* Task description
All of the data, word for word and free of pictures, is the expected result.

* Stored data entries
- - - - -
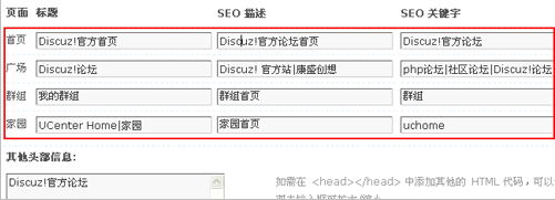 這里包括了站點(diǎn)首頁(yè)、廣場(chǎng)、群組、以及家園各頻道的標(biāo)題、SEO 描述以及SEO 關(guān)鍵字。
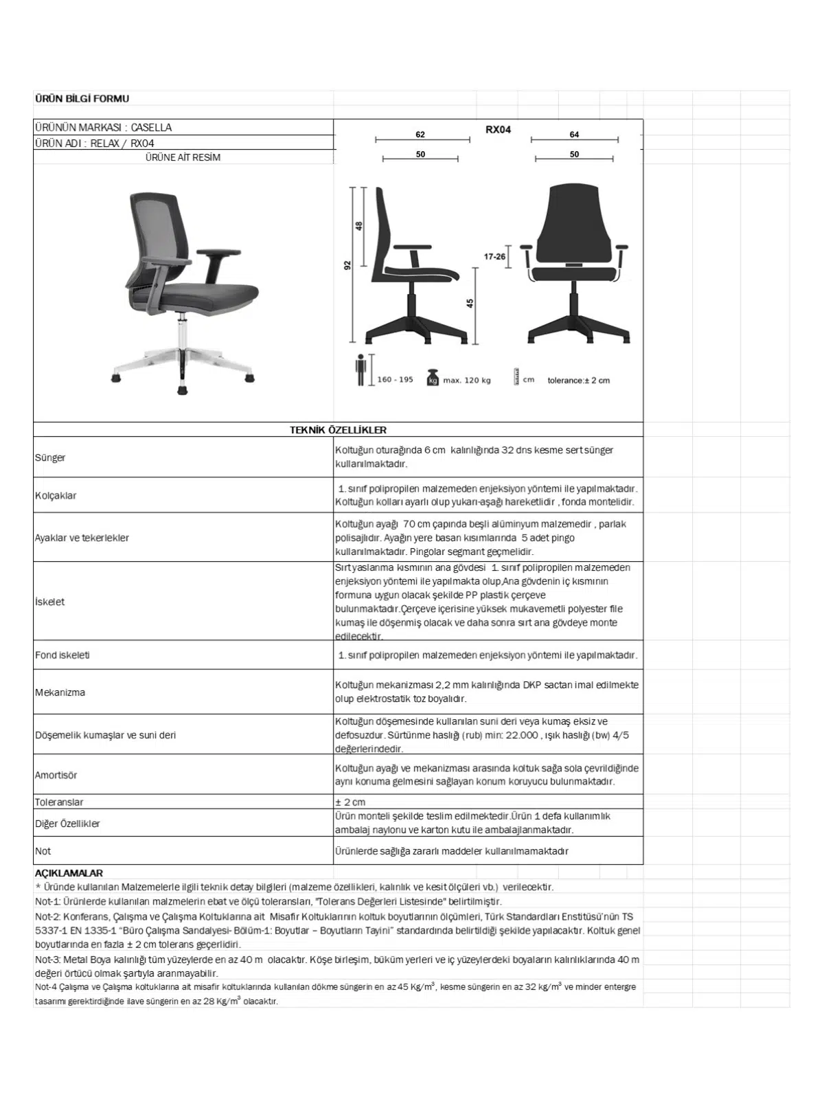 | Mekanizma | Amortisörlü yükseklik Ve sırt eğimi ayarı |
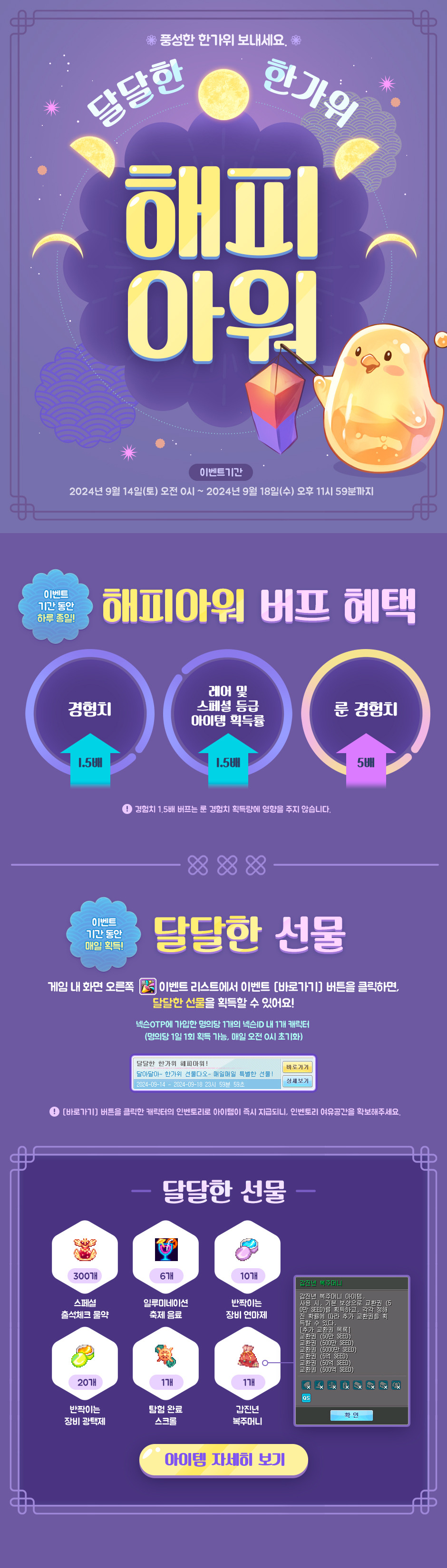 달달한 한가위 해피아워 작성자혜린|작성시간24.09.11|조회수1,169 목록 댓글 2 글자크기 작게가 글자크기 크게가 다음검색 현재 게시글 추가 기능 열기 북마크 신고 센터로 신고 댓글 댓글 2 댓글쓰기 답글쓰기 댓글 리스트 작성자주저앉아 | 작성시간 24.09.12 저거 룬경험치 5배가 룬경험의 던전도 적용이되나여? tp사용으로 1시간씩하고있긴한데 시간이 너무안가요. 작성자[미스]세연돌 | 작성시간 24.09.12 경험치 1.5배는 룬경험 미적용이라는 부분만 명시한걸 보니 룬던전 5배는 해줄 수도 있으려나요ㅎㅎ 댓글 전체보기
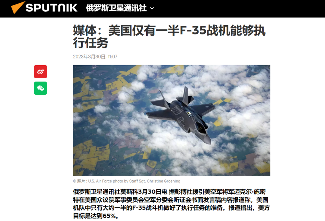 据俄罗斯卫星通讯社报道,美国空军中将迈克尔·施密特在众议院接受质询时承认,截止2月,美国空军F-35现役机队约540架飞机中,大约只有53.1%可以随时升空。《防务新闻》称,其原因是F-35的发动机屡屡发生振动,美军要求它全面停飞,所有已服役的F-35都要在90天内进行检修。
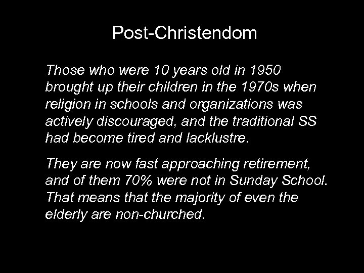 Post-Christendom Those who were 10 years old in 1950 brought up their children in the 1970 s when religion in schools and organizations was actively discouraged, and the traditional SS had become tired and lacklustre. They are now fast approaching retirement, and of them 70% were not in Sunday School. That means that the majority of even the elderly are non-churched.
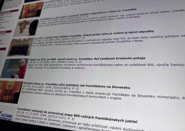 Bratislava 4. februára (TK KBS) Tlačová kancelária KBS (TK KBS) zverejnila na svojej internetovej stránke www.tkkbs.sk nový dossier venovaný Roku svätého Františka. Tento špeciálny zväzok bude postupne obsahovať správy a informácie o jeho aktivitách, ktorým sa bude venovať. Dossier má názov Rok sv. Františka. Umiestnený je na pravej strane časti stránky s názvom Top témy.
- - - - -
* Result
 這里包括了站點(diǎn)首頁(yè)、廣場(chǎng)、群組、以及家園各頻道的標(biāo)題、SEO 描述以及SEO 關(guān)鍵字。
 | Mekanizma | Amortisörlü yükseklik Ve sırt eğimi ayarı |
 달달한 한가위 해피아워 작성자혜린|작성시간24.09.11|조회수1,169 목록 댓글 2 글자크기 작게가 글자크기 크게가 다음검색 현재 게시글 추가 기능 열기 북마크 신고 센터로 신고 댓글 댓글 2 댓글쓰기 답글쓰기 댓글 리스트 작성자주저앉아 | 작성시간 24.09.12 저거 룬경험치 5배가 룬경험의 던전도 적용이되나여? tp사용으로 1시간씩하고있긴한데 시간이 너무안가요. 작성자[미스]세연돌 | 작성시간 24.09.12 경험치 1.5배는 룬경험 미적용이라는 부분만 명시한걸 보니 룬던전 5배는 해줄 수도 있으려나요ㅎㅎ 댓글 전체보기
 据俄罗斯卫星通讯社报道,美国空军中将迈克尔·施密特在众议院接受质询时承认,截止2月,美国空军F-35现役机队约540架飞机中,大约只有53.1%可以随时升空。《防务新闻》称,其原因是F-35的发动机屡屡发生振动,美军要求它全面停飞,所有已服役的F-35都要在90天内进行检修。
 Post-Christendom Those who were 10 years old in 1950 brought up their children in the 1970 s when religion in schools and organizations was actively discouraged, and the traditional SS had become tired and lacklustre. They are now fast approaching retirement, and of them 70% were not in Sunday School. That means that the majority of even the elderly are non-churched.
 Bratislava 4. februára (TK KBS) Tlačová kancelária KBS (TK KBS) zverejnila na svojej internetovej stránke www.tkkbs.sk nový dossier venovaný Roku svätého Františka. Tento špeciálny zväzok bude postupne obsahovať správy a informácie o jeho aktivitách, ktorým sa bude venovať. Dossier má názov Rok sv. Františka. Umiestnený je na pravej strane časti stránky s názvom Top témy.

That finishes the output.